Nel 79 DC il Vesuvio eruttò con una potenza inaudita distruggendo gli insediamenti nelle vicinanze. Ovviamente la più città più famosa che si ricorda è Pompei dove si sono trovati moltissimi calchi in gesso delle sfortunate vittime della pioggia di cenere e pomice. Al contrario spesso si dimentica anche di Ercolano i cui cittadini sembrano avere ricevuto una morta anche più dolorosa, probabilmente.

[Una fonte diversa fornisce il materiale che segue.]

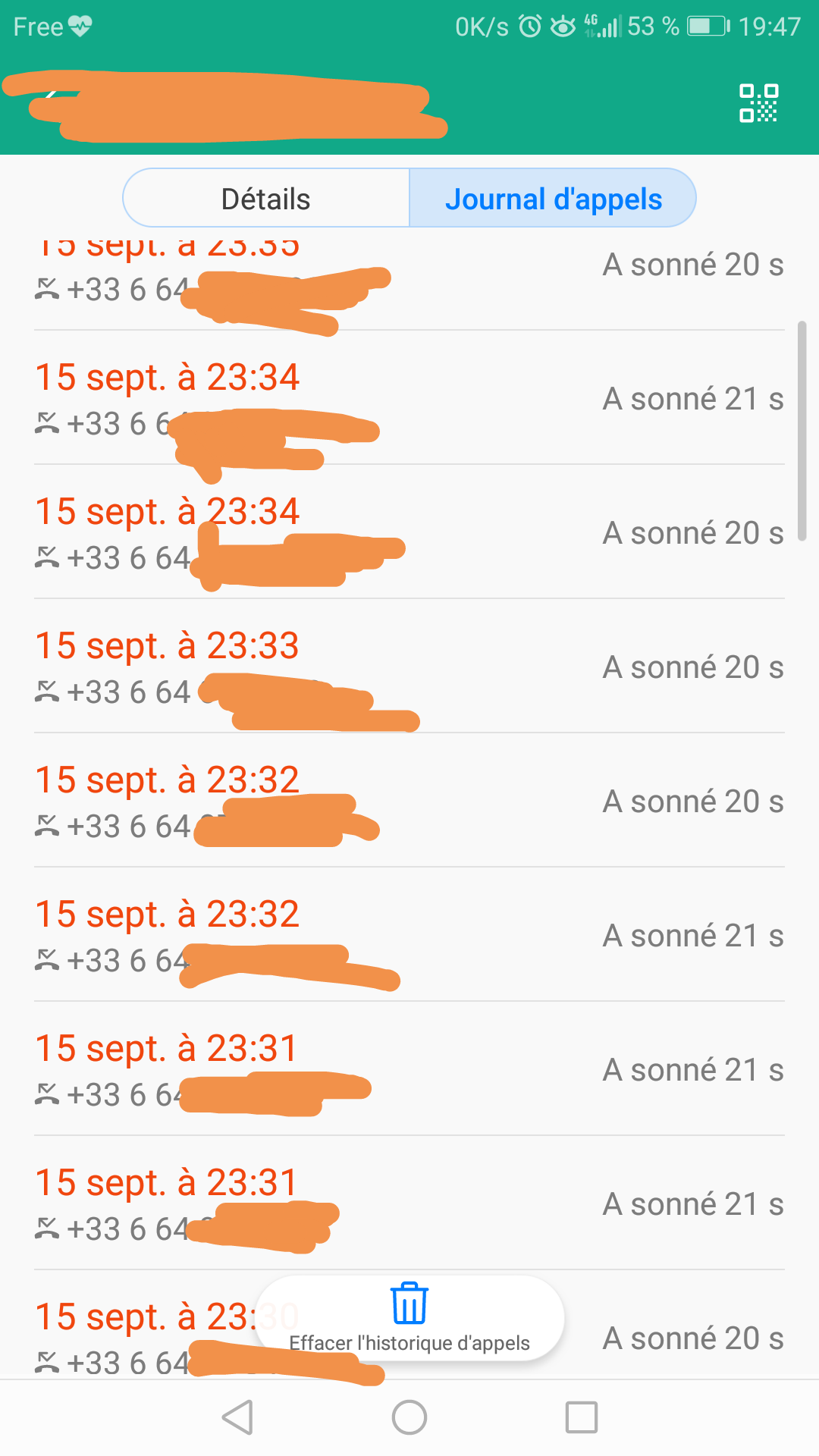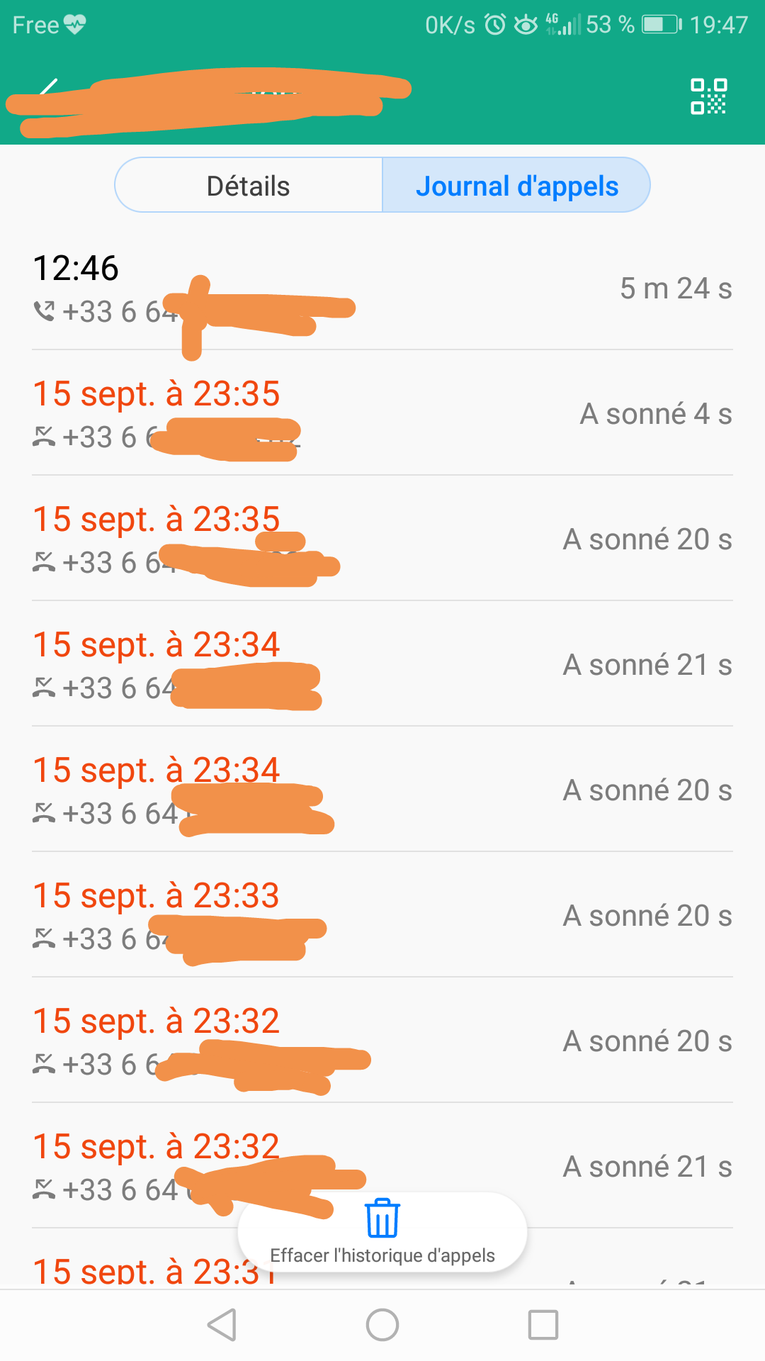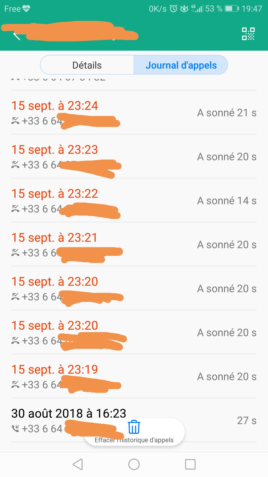 Mon ex utilisait le téléphone de sa soeur et son tel pour me contacter. Par la suite s'en suivit 26 appels non stop d'elle :
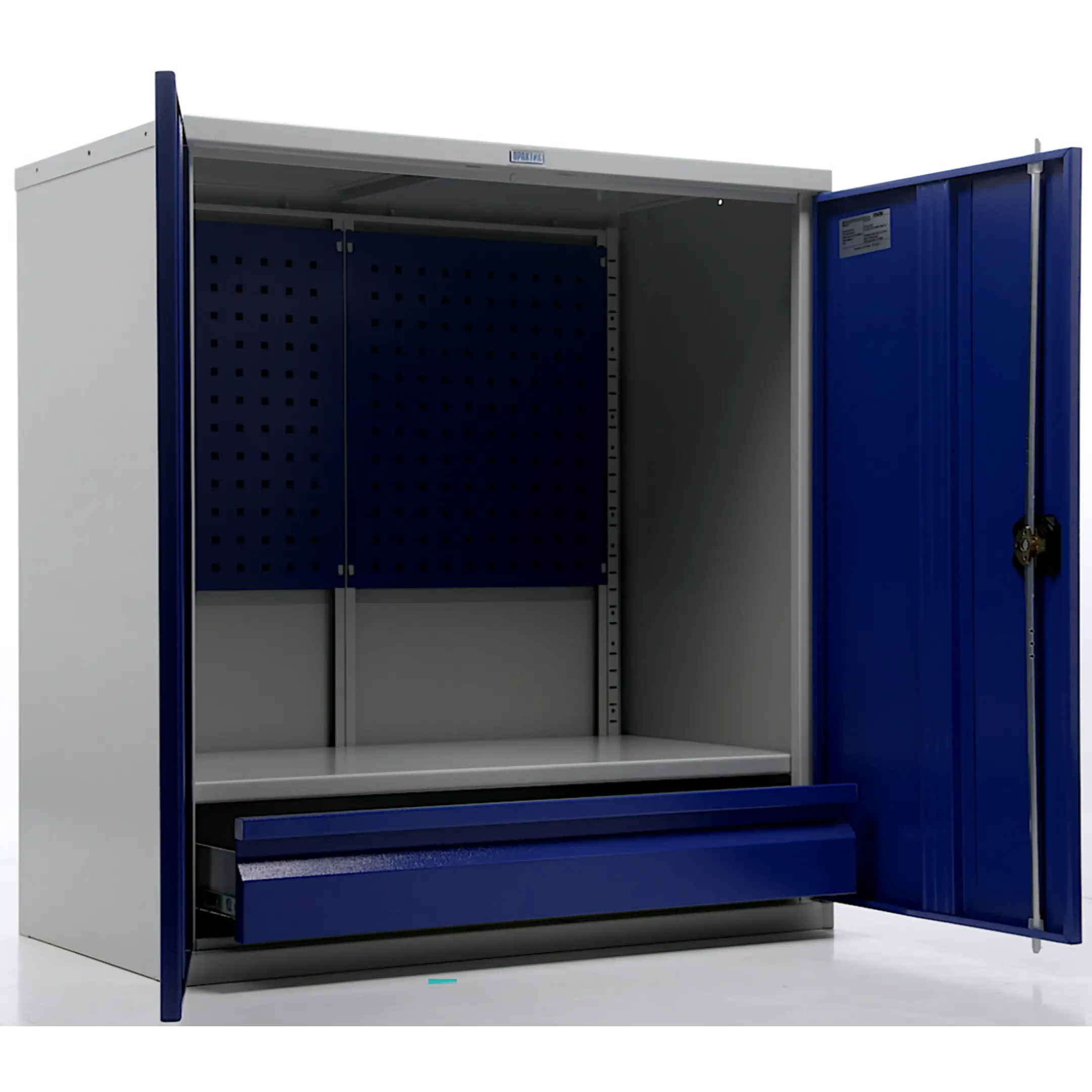 - Оптимизированная организация и максимальная вместимость — шкаф спроектирован для эффективного использования пространства. Комбинация выдвижных ящиков разной высоты и отделений с полками позволяет рассортировать инструмент и оборудование любого размера и веса: от мелких сверл и метизов до крупных электроинструментов и измерительных приборов. Каждому предмету находится свое логичное место.
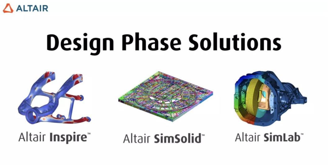 如上图所示,这个阶段的解决方案包括了Altair Inspire、Altair SimSolid和Altair SimLab。
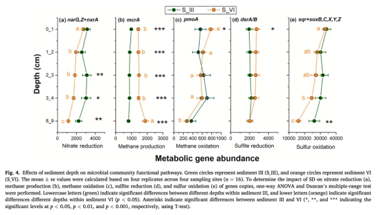pH垂直剖面(圖1c)顯示污染環境堿性增強(pH 8.06 vs 清潔組7.24),影響硫化物化學形態及微生物代謝途徑;
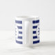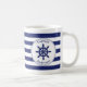 Personnalisez la tasse de ce capitaine avec votre nom. Le design comprend une roue de capitaine bleu marine avec une bordure de corde circulaire. Arrière - plan est à rayures bleues et blanches.

Apparentemente quest’ultimi sono morti a causa dei gas vulcani i quali hanno investito le case con così tanto calore da vaporizzare i fluidi corporei. Il fenomeno relativo a queste correnti di gas finora non era stato ben compreso, ma ci ha pensato un nuovo studio pubblicato su Nature Geoscience a fare un po’ di luce; i ricercatori del team provengono in parte dagli Stati Uniti e in parte dalla Nuova Zelanda.
Ecco una dichiarazione di Gert Lube, il primo autore dietro tale studio e legato alla Massey University in Nuova Zelanda: “I vulcanologi hanno saputo per quasi un secolo che deve esserci un processo che opera nel flusso piroclastico che supera l’alto attrito del materiale vulcanico e lo lascia scorrere come l’acqua per lunghe distanze.”
Per portare avanti questi ricerca i ricercatori hanno raccolto 1.300 Kg di materiale vulcanico rilasciato dall’eruzione del Taupo in Nuova Zelanda nel 232 DC. Una volta riscaldati sono stati gettati in uno scivolo lungo 12 metri e il risultato ha sorpreso tutti in quanto avevano raggiunto una distanza più elevata di quanto pensato.
La pressione che si forma al passaggio del flusso di materiale piroclastico crea una zona di gas calda; quest’ultimi vengono spinti verso il basso mentre l’assenza di attrito permette al tutto di scorrere ancora più velocemente. L’effetto è stato soprannominato hovercraft e questa scoperta aiuterà meglio a capire gli effetti delle eruzioni vulcaniche; questo effetto, tra l’altro, è osservabile anche in altri avvenimenti come alcune valanghe di neve, ovviamente senza la parte relativa al calore elevato.